The Rolling Bank Crisis and Your Cash…Don’t Let a Good Crisis Go to Waste

May 01, 2023

This morning regulators in California took control of First Republic Bank and put it into U.S. Federal Deposit Insurance Corp (FDIC) receivership.  JPMorgan will pay $10.6 billion to the FDIC to acquire most of the assets of the San Francisco-based bank and to gain access to First Republic's customer base. 

Coming on the heels of the Silicon Valley Bank (SVB) and Signature Bank collapses, First Republic is the third major bank failure in the US in two months and the biggest failure since Washington Mutual during the 2008 financial crisis.  Many are questioning the solvency of other banks.  Through April 28, the S&P 1500 Regional Banks Index was down 28% in 2023.[i]  As investors pull their deposits, over $300 billion shifted into money market funds in the month of March according to the SEC.[ii]

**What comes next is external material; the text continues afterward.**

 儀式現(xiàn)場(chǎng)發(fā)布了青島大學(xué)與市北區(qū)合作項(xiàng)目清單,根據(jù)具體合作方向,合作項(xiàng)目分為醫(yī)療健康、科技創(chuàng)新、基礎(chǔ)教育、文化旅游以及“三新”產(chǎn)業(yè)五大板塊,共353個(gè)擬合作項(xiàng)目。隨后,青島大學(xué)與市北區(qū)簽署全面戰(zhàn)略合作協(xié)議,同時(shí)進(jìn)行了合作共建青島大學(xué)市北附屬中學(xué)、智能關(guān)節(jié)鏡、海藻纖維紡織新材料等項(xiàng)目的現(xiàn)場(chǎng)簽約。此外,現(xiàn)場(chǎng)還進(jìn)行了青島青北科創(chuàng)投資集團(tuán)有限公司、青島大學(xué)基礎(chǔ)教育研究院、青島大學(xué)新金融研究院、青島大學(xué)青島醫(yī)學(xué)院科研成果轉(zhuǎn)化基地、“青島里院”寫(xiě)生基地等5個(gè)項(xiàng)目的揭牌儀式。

The panic in the regional banking sector and the historic shift in capital has many households wondering what is a liquid, safe and stable place to store funds.  We believe priorities should drive your capital allocation, not the headlines.  So, let’s start with high level uses for cash below and the priorities each entails below. 

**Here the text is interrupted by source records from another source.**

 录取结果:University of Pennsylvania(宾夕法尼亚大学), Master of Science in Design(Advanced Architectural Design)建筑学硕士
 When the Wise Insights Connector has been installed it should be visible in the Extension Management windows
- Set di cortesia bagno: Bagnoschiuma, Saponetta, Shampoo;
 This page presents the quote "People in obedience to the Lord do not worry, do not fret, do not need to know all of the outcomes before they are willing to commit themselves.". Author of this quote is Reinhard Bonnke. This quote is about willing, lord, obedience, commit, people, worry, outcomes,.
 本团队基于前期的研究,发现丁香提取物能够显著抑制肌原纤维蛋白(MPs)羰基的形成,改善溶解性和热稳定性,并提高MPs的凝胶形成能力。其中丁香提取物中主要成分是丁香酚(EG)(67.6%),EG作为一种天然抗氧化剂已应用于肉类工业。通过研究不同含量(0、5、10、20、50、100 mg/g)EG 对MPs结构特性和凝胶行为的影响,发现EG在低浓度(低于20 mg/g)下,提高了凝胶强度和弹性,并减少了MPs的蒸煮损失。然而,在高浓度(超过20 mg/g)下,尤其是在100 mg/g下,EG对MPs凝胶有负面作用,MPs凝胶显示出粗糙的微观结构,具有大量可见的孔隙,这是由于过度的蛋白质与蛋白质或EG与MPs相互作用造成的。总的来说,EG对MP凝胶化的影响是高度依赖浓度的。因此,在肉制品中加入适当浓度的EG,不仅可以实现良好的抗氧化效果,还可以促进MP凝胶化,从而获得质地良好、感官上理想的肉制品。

Medium of Exchange – We use cash to pay expenses and execute transactions “on demand” with no need to wait for funds.  The priority here is immediate access. 

Store of Value – Cash also funds expected future outlay or unexpected disruptions in household income or other financial distress.  We recommend every household maintains an adequate “Protective Reserve” to weather these emergencies.  The priority here is preservation of principle. 

Investment – Some investors use cash as part of their investment strategy.  The priority here is   current yield. 

To meet these various needs, we group cash holding accounts into two distinct buckets.[iii] 

  1. Demand Deposits are designed to ensure that funds can be readily accessed when needed. Without such an account, depositors would have to inform their banks about withdrawals prior to obtaining cash or paying for goods and services. Two common demand deposits are checking and savings accounts. An additional option is to lock up funds at a bank for a certain period of time via a Certificate of Deposit (CD) where the interest rate is typically higher.  These deposits are covered by the FDIC, which insures up to $250,000 per individual per participating bank.  (Be sure to check with your bank.) 

We suggest households first determine their needs for on-demand accounts based upon their typical month-to-month spending.  If necessary, these assets can be spread across multiple banking relationships to ensure FDIC insurance. 

  1. Investment Accounts at brokerages or managed by registered investment advisors are not bank guaranteed. Although the funds are invested in highly liquid assets, it is still necessary for the account holder to alert their institution when they intend to withdraw funds.

Assets beyond Demand Deposits can be placed in investment accounts.  Clearly, the range of options is large and needs to be combined with each household’s unique liquidity needs, available funds and risk tolerance.  Here are some broad observations:

Money Market Funds are a mutual fund that invests primarily in short-term debt securities. Offered by financial institutions, they strive (but don’t guarantee) to maintain a stable value.  Types of money market funds include government securities, tax-exempt municipal securities and corporate debt securities. Those that primarily invest in corporate debt are often called “prime funds.”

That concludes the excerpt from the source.